» Instructions to follow
Restate the data exactly as given and keep the pictures out.

» Available data

══════════════════════════════

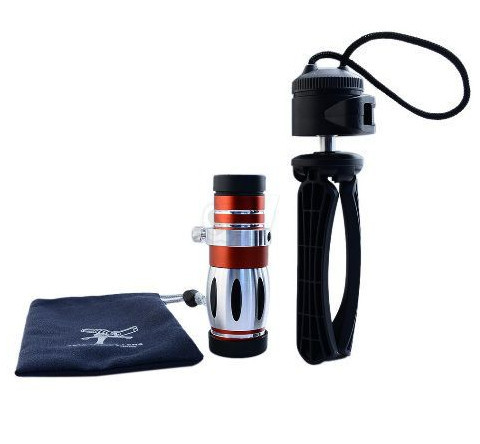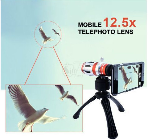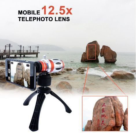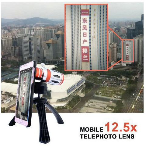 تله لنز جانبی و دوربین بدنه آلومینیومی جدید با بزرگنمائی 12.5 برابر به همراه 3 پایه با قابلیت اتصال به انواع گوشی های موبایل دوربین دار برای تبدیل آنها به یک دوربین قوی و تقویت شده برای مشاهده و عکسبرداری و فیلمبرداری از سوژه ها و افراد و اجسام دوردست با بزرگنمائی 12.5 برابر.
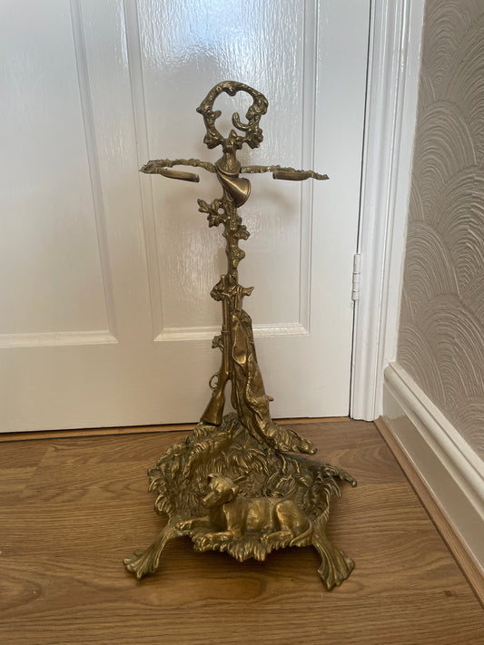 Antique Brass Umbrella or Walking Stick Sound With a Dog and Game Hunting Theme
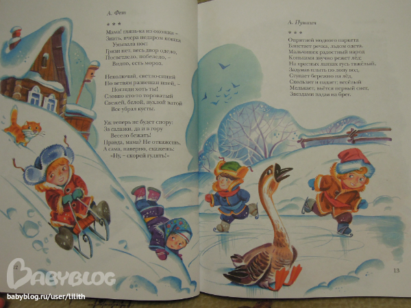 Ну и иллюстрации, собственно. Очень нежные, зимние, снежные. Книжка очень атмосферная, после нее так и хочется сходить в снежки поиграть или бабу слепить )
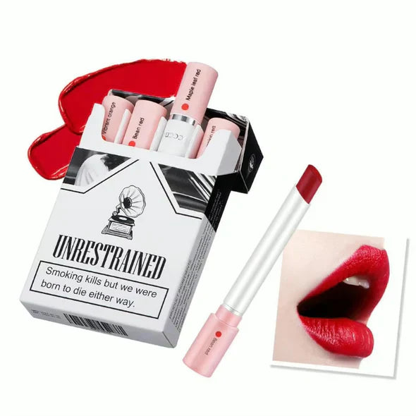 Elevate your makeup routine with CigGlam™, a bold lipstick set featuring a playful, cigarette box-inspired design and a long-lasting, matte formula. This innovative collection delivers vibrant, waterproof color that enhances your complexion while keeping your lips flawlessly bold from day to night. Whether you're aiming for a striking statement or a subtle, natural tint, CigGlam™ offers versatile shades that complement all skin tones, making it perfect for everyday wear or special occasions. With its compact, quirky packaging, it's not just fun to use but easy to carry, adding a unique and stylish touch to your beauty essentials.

══════════════════════════════

» Response area
 تله لنز جانبی و دوربین بدنه آلومینیومی جدید با بزرگنمائی 12.5 برابر به همراه 3 پایه با قابلیت اتصال به انواع گوشی های موبایل دوربین دار برای تبدیل آنها به یک دوربین قوی و تقویت شده برای مشاهده و عکسبرداری و فیلمبرداری از سوژه ها و افراد و اجسام دوردست با بزرگنمائی 12.5 برابر.
 Antique Brass Umbrella or Walking Stick Sound With a Dog and Game Hunting Theme
 Ну и иллюстрации, собственно. Очень нежные, зимние, снежные. Книжка очень атмосферная, после нее так и хочется сходить в снежки поиграть или бабу слепить )
 Elevate your makeup routine with CigGlam™, a bold lipstick set featuring a playful, cigarette box-inspired design and a long-lasting, matte formula. This innovative collection delivers vibrant, waterproof color that enhances your complexion while keeping your lips flawlessly bold from day to night. Whether you're aiming for a striking statement or a subtle, natural tint, CigGlam™ offers versatile shades that complement all skin tones, making it perfect for everyday wear or special occasions. With its compact, quirky packaging, it's not just fun to use but easy to carry, adding a unique and stylish touch to your beauty essentials.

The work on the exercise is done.